Quote:
Originally Posted by cplnuswing Hi to one of my favorite posters  |
Thank you. I feel the same about you.
Quote:
|
What are the issues (if any) that as an adult really get under your skin and just so go against your core nature that even when it doesn't directly affect you or you know it's not in your best interest to address them, you can't resist trying to do something about it whenever you encounter them?
|
Seeing people try to take advantage of others, try to get what they want through intimidating others, or treating others disrespectfully.
I tend to want to step in and do something. These are moments I'm filled with emotion and I have to focus very hard to keep my emotion restrained and to think first rather than react without thought.
Quote:
|
As a follow-up, throughout your life were the changes in how you respond to these things a gradual continuum or was there more of a watershed moment when you decided you weren't going to let things slide anymore?
|
I'd say gradual, because I learned early on that many people don't want someone to intervene for them. They can take offense to that. I don't blame them, because how they may handle things could be fine with them and the situation may not be rilling them as it does me.

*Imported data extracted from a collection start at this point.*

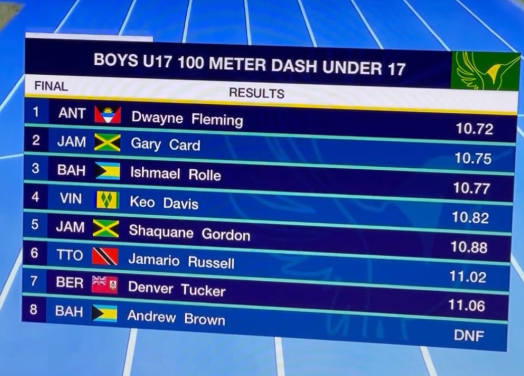 Vincentian sprinter Keo Davis temporarily fell short of his true position in a 100 meter race at the CARIFTA games currently being held in Jamaica.
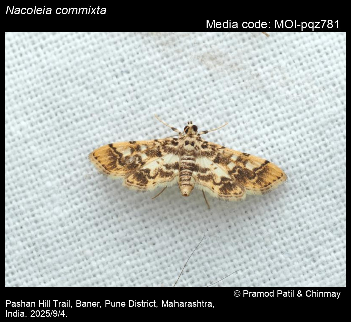 Anonymous 2025. Nacoleia commixta (Butler, 1873) – . In Sondhi, S., R.P. Singh, G. Iyer, J. D'silva and K. Kunte (Chief Editors). Butterflies of India, v. 4.11. Published by the Indian Foundation for Butterflies. URL: https://www.mothsofindia.org/nacoleia-commixta, accessed 2025/10/24.
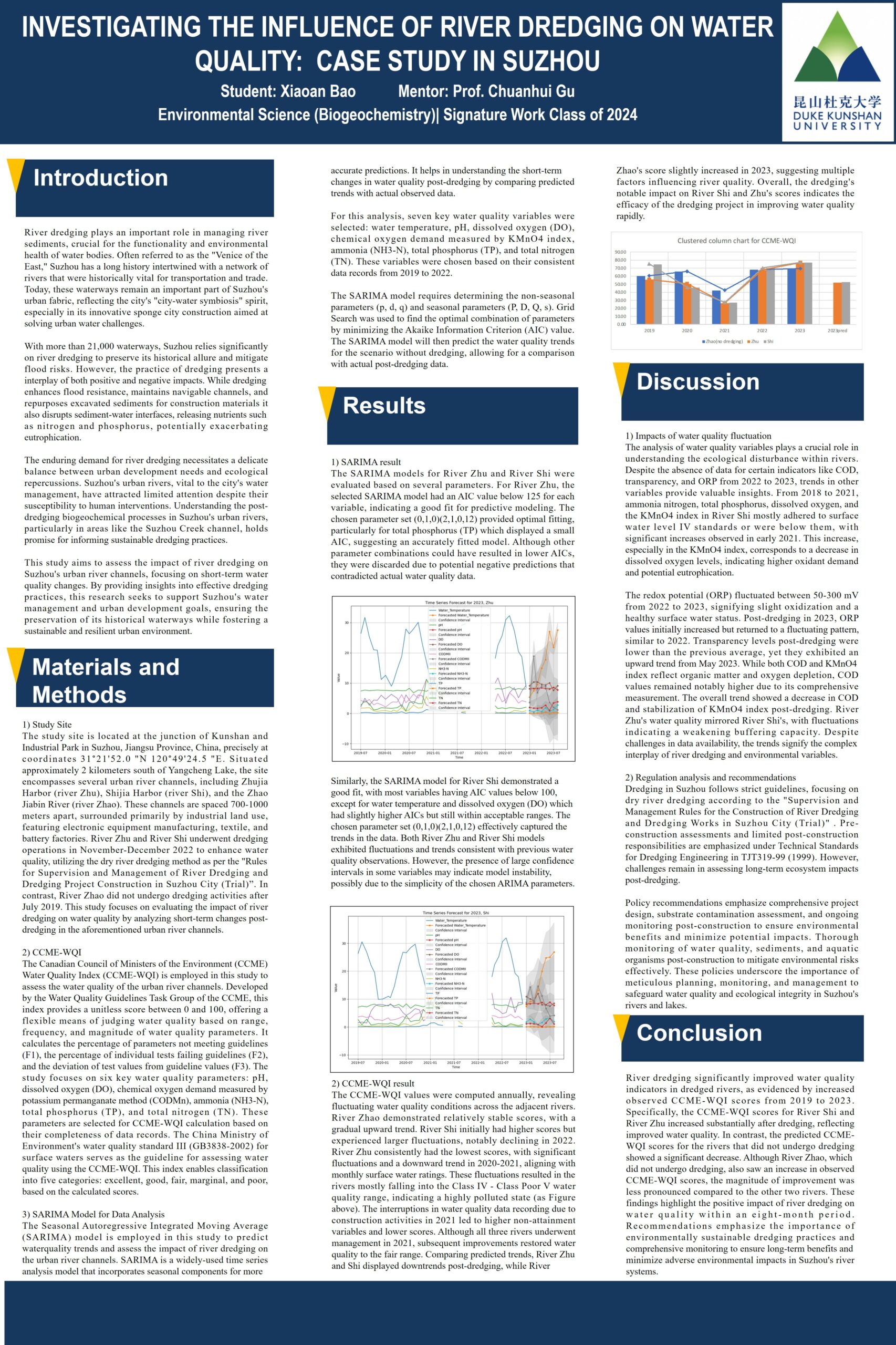 This study explores the impact of river dredging on water quality in Suzhou, China, using a SARIMA model to predict water quality variables in rivers without dredging for comparison. The study spans the water quality data from 2019 to 2023, calculating CCME-WQI scores for each river. Results indicate that rivers Shi and Zhu, two river being dredged, showed significant increases in observed water quality index scores, while the scores for predicted water quality data for these two rivers without dredging decreased substantially. The magnitude of improvement in water quality for nearby undredged Zhao was less than one-fifth of the improvements observed in Shi and Zhu. These findings suggest that river dredging indeed leads to improved water quality within at least an eight-month timeframe. The study emphasizes the importance of employing proper dredging practices and thorough monitoring protocols to mitigate potential environmental impacts.

I am always astounded at how much abuse people will take from others. And when I see this I am more irritated at those who continue to take it than those who are the abusers. It is a two way street. If you allow abuse to happen to you, people will continue to take advantage of you and treat you poorly.
Looking at this issue from another angle, I think finding
myself at a moment in time when I decided to handle my life differently and take charge was an amazingly powerful experience. That was a watershed moment.
One night, while in college, I was sitting on a bed naked with a man in the dark, about to have sex for the first time (because I thought it was time I caught up to what everyone else was doing at my age). To my surprise I felt overcome by something from inside me - like a hidden part of myself just waiting to get out. This "self" told me that I didn't want to be there, I didn't have to be there, and I didn't have to have sex with this man. The best part is that I felt no shame or embarrassment in my decision to leave.
As I walked out to my car I felt I had just exploded through a self-imposed wall and set myself free.